The artist who inspired me to get into drawing, which lead to me falling in love with animation. This artist’s angular, literally edgy style really spoke to me, possibly due to the exaggerated emotions, expressions and positions his drawings usually show. His characters, either very tall, very short, or with varying limb sizes, always manage to widen their eyes, mouths, or teeth, spread out or contort their faces, and make their bodies either very imposing or very shrewd. I love styles like this, as they showcase the artist’s inner motion, and so have greatly influenced the way I mentally view (and wish to develop properly) my characters, creatures, and other assorted ideas in terms of how they look, express, and move.

Michel Gagné

This artist and animator truly brought forth my love of animation into being.

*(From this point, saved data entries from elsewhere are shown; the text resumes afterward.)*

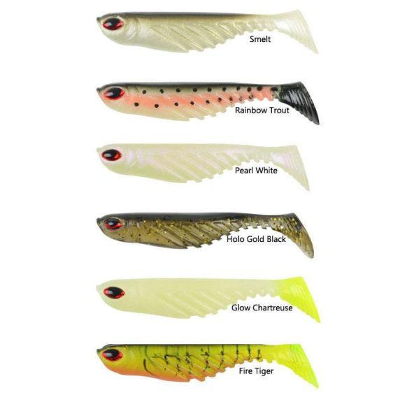 Speciálně tvarovaný ocásek pro dráždivější pohyb (styl kopyto), 3D oči, holografické zbarvení, určeno na štiky, candáty, okouny, sumce, pstruhy či mořský rybolov.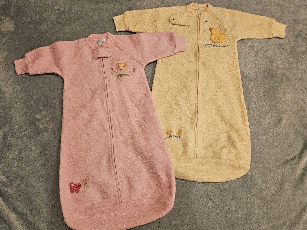 Lot of 2 Carter's Blanket Sleepers Pink Yellow 0-9 Months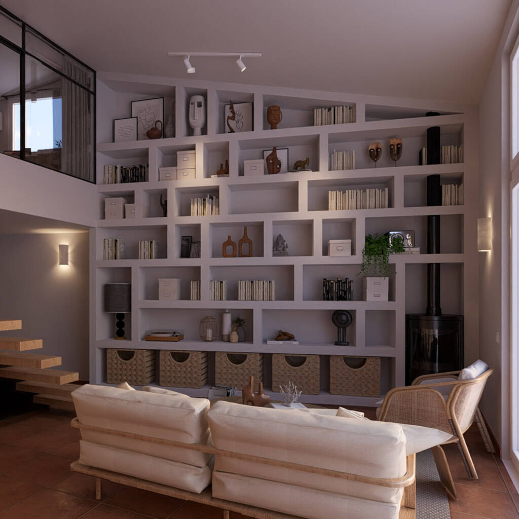 Con unas vistas directas al mar, esta vivienda en Cadaqués ya tenía un encanto natural que potenciamos con un interiorismo de carácter mediterráneo. El cliente pedia una librería donde exponer parte de su vida a través de libros y elementos decorativos que cuentan historias.

If Jhonen’s artwork represents his inner motion, Gagné’s artwork and animation is of his soul. The extremely fluid drawings and animation that he creates are of nothing I have ever seen in any other animated film or production, 2D or otherwise. His art seems to crawl, creep and explode within the pages of his graphic novels, and his animation seems to want to burst from the screen itself. Both the static and the moving artwork are of this artists’s lifeforce, and have made their mark internally with how I want to approach and produce hand-drawn animation: fluid, dynamic, and most importantly, alive.

Robert Valley

This artist’s art-style, much like Vasquez’s, is angular, but the distinction is that the limbs, body, and head of his characters are usually very, very long, and the facial features are very caricatured, all of it captured in a sort-of hyper-realistic style, leading to some fantastic bodily and facial expressions, both in static and animated art; actions such as running, for example, showcase the body’s exaggerated limbs as if they were reaching out to the page’s, and screen’s, limits. For the art I wish to draw and make move, Valley’s style, much like Vasquez’s, is just as inspiring in terms of developing character designs, expressions (bodily and otherwise), and movements.

These three artists and their productions have helped nurture my creative side, and have given me focus on my own art, of which I hope to showcase in every way I can, when it’s ready.